June Goh, a Singapore-based senior oil market analyst at Sparta Commodities, described the cumulative output growth of 8.9% since 2021 as significant, noting that it exceeded Beijing’s target of 4 million bpd.
“The recent supply risk serves to prove that what they are doing is right,” Goh told DW. However, she cautioned that future growth was unlikely to be “exponential,” citing difficulties in discovering new reserves.
Other analysts are more skeptical. Lauri Myllyvirta, lead analyst at the Center for Research on Energy and Clean Air, said China’s domestic oil sector has struggled to achieve meaningful gains despite sustained investment.
“[Despite] a huge amount of investment over the past 15 years or more, output has largely been running to stay still,” Myllyvirta said, adding that production “has not budged” in a way that would materially reduce reliance on imports.
China imports the majority of its oil via the congested Malacca Strait — a strategic chokepoint long viewed in Beijing as a vulnerability due to its patrol by the US Navy. The issue became particularly sensitive during Trump’s first term, when tensions with Washington escalated.

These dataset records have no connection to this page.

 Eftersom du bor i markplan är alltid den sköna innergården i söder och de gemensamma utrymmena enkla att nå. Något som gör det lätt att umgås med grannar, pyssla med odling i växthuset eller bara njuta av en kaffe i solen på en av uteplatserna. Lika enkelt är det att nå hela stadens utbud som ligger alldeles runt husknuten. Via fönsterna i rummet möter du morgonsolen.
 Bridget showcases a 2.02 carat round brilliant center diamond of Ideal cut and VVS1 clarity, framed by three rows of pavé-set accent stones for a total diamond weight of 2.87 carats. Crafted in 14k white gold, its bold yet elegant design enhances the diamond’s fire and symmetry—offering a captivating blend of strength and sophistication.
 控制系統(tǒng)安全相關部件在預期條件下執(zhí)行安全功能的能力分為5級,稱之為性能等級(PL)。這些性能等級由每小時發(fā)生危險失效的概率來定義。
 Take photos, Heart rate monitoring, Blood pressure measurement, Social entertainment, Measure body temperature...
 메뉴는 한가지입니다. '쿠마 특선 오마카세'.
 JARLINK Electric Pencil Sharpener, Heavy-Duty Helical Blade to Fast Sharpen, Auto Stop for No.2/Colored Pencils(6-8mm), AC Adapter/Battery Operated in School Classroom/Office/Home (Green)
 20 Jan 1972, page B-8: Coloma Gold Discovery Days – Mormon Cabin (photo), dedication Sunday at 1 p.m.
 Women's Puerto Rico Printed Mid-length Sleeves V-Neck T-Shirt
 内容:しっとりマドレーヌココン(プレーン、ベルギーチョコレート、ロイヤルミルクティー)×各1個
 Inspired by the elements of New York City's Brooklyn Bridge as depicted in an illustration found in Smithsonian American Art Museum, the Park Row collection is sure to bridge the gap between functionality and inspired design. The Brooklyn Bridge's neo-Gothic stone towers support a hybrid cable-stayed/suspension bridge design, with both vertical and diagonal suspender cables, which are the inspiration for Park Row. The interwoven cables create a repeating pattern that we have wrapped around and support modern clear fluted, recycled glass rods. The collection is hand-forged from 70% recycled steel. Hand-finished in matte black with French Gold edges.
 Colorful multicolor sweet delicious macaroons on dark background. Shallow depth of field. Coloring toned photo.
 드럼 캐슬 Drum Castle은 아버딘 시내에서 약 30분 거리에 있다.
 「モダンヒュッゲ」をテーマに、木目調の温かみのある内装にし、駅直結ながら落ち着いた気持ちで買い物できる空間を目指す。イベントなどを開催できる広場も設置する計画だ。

With limited domestic supply upside, China has increasingly relied on strategic stockpiling to mitigate external shocks. Since late 2023, authorities have accelerated the expansion and filling of strategic petroleum reserves (SPR), driven by heightened geopolitical risks following Russia’s invasion of Ukraine and volatile global energy markets.
China initially cushioned itself by securing discounted crude from sanctioned suppliers, including Iran and Russia. Moscow briefly became Beijing’s top oil supplier before US sanctions on Russian companies and tankers reduced shipments last year.
Iran subsequently filled much of the gap, exporting nearly all of its crude — at times close to 2 million bpd — to China through shadow fleets, ship-to-ship transfers and relabeling to disguise origins.
According to Reuters, China expanded its reserves further in 2025, with 11 new storage sites expected to come online by early this year.
Goh estimates that China now has around 110 days of oil cover from combined strategic and commercial reserves, exceeding the OECD benchmark of 90 days. Beijing has set a longer-term target of 180 days.
“Stockpiling rather than production increases will do the heavy lifting,” Goh said, particularly if supplies from Iran, Venezuela and Russia continue to face disruption.
Beyond reserves, China’s longer-term strategy focuses on reducing oil demand through electrification and an unprecedented expansion of renewable energy.
Oil consumption in the transport sector peaked in 2023, according to CNPC, as electric vehicles (EVs gained market share. EVs now account for more than half of new car sales nationwide, supported by the rollout of over one million charging stations.
Major cities including Shenzhen and Guangzhou have already fully electrified their public bus fleets, helping cap gasoline demand even as economic activity expands.
Meanwhile, China has led global renewable deployment. In 2024 and 2025, it added more solar capacity than the rest of the world combined, alongside record wind installations in Inner Mongolia, Xinjiang and coastal regions.
“China’s wind and solar capacity growth has exceeded 300 gigawatts annually over the past three years and likely reached 400 gigawatts last year,” Myllyvirta said.
While these measures cannot eliminate China’s reliance on imported crude, analysts say they significantly reduce exposure to geopolitical disruptions from heavily sanctioned suppliers.
As Beijing prepares to unveil its next five-year plan in March — setting economic and energy priorities into the early 2030s — further investments in domestic fossil fuel production, strategic storage, electrification and renewables are expected.
“Combined with additional oil storage, maintaining that rate of renewable growth could substitute a lot of gas or coal in power generation,” Myllyvirta said. “Electrification can replace fossil fuels across industry, transport and buildings.”